В спальне он сел на кровать, достал из тумбочки альбом и сразу положил обратно. Волжина не стоила специальной записи. Вместо альбома он вынул другой предмет: маленькую черно-белую фотографию. На снимке была мать Швейцера: призрак, незнакомка, существо из другого мира. Белокурая женщина лет тридцати смотрела прямо перед собой. Саллюстий, когда Швейцер показал ему снимок, сказал, что фотография была сделана для документа — паспорта. Этим объяснялись невыразительность взгляда, строгость прически, нетронутый белый фон. Швейцер слыл счастливцем: у него была целая фотография, другие не имели и того. У Коха, к примеру, сохранилась только отцовская перчатка, правая. Недодоев носил на шее образок, доставшийся от родителей; Берестецкий владел дешевым портсигаром, в котором еще оставались табачные крошки.
"Не было времени, — говаривал Саллюстий и тяжко вздыхал. — Хватали, что под руку попадется. Берегите, чада, эти драгоценные предметы, в них — ваша память".
И они берегли. Листопадов — так тот вообще располагал каким-то странным лоскутом, оторванным то ли от платья, то ли от сорочки, и что же: лелеял его, ложился с ним спать и даже, как слышали некоторые, разговаривал.
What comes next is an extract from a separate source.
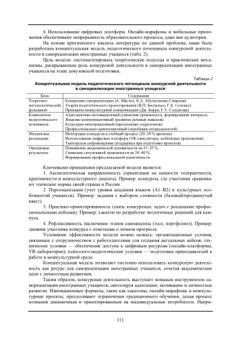 Статья посвящена теоретическому анализу роли конкурсной деятельности как инструмента самореализации иностранных учащихся на этапе довузовской подготовки. Актуальность исследования обусловлена ростом числа иностранных студентов в России (более 350 тыс. человек в 2023 г. по данным Министерства науки и высшего образования РФ) и необходимостью разработки педагогических стратегий, способствующих их интеграции в образовательное пространство через активизацию личностного и профессионального потенциала. В работе синтезируются ключевые концепции самореализации, включая теорию социального интереса А. Адлера и деятельностный подход К. А. Абульхановой-Славской, а также современные исследования мотивации (Е. Н. Легочкина) и межкультурной адаптации (Д. Н. Литвинова). Авторы раскрывают механизмы влияния конкурсных форматов на формирование академической, социальной и творческой идентичности учащихся, подчеркивая их роль в преодолении языковых барьеров, снижении ситуативной тревожности и развитии профессионального самоопределения. Теоретическая значимость работы заключается в систематизации педагогических принципов интеграции конкурсной деятельности, таких как: а) сочетание соревновательности и кооперации для баланса между мотивацией и сотрудничеством; б) ориентация на культурный плюрализм через проекты, соединяющие традиции стран учащихся и принимающего общества (например, межкультурные фестивали, хакатоны, квесты и др.). Практическая ценность исследования выражена в разработке рекомендаций по внедрению интерактивных методов. Например, использование геймифицированных форматов (онлайн-марафоны и др.) для повышения вовлеченности, внедрение тьюторской поддержки при подготовке конкурсных работ. Статья служит основой для дальнейших эмпирических исследований, направленных на оптимизацию образовательных траекторий иностранных учащихся в условиях глобализации высшей школы.

Среди лицеистов существовал строгий уговор, закон: не трогать собрата в минуты созерцания фамильных реликвий. Этим и воспользовался Швейцер: воспитанники, входившие в спальню, видели, с чем он сидит, и не смели его беспокоить. Он ничего не обдумывал, не строил планов, оставляя все дело на завтра и доверяясь судьбе, ему всего-то и хотелось, чтобы его не тормошили, оставили в покое, он не хотел разговаривать. Как случалось всегда, лицо на снимке вскоре заворожило Швейцера, и от лицеиста остался голый разум, проросший и воплотившийся в глаза, прочее тело исчезло. Он всматривался в фотографию, готовый взглядом прожечь ее насквозь. В какой-то миг ему почудилось, что та уже стала дымиться, но дело было в навернувшихся слезах, размывавших контур. Он и в мыслях не допускал, что женщина, изображенная на снимке, могла где-то жить, ходить, произносить слова. Швейцер, несомненно, верил в это, но вера — одно, мысли — совсем другое. И уж всяко не надеялся он встретить ее вовне, за Оградой, не к ней он собрался. Цели и задачи должны быть реальными, скромными — хотя какая тут скромность.
"А зачем я все это делаю? Может, к черту?.. Неубедительные галлюцинации плюс какие-то важные дела во внешнем мире, до которых ему не должно быть дела. Он не знает такого слова: «стеб» — что это? Может быть, это не имеет значения, и знание с незнанием тоже обманчивы? И страшно, конечно, тоже. Вот только непонятно, чего больше страшно — собственной наглости или…"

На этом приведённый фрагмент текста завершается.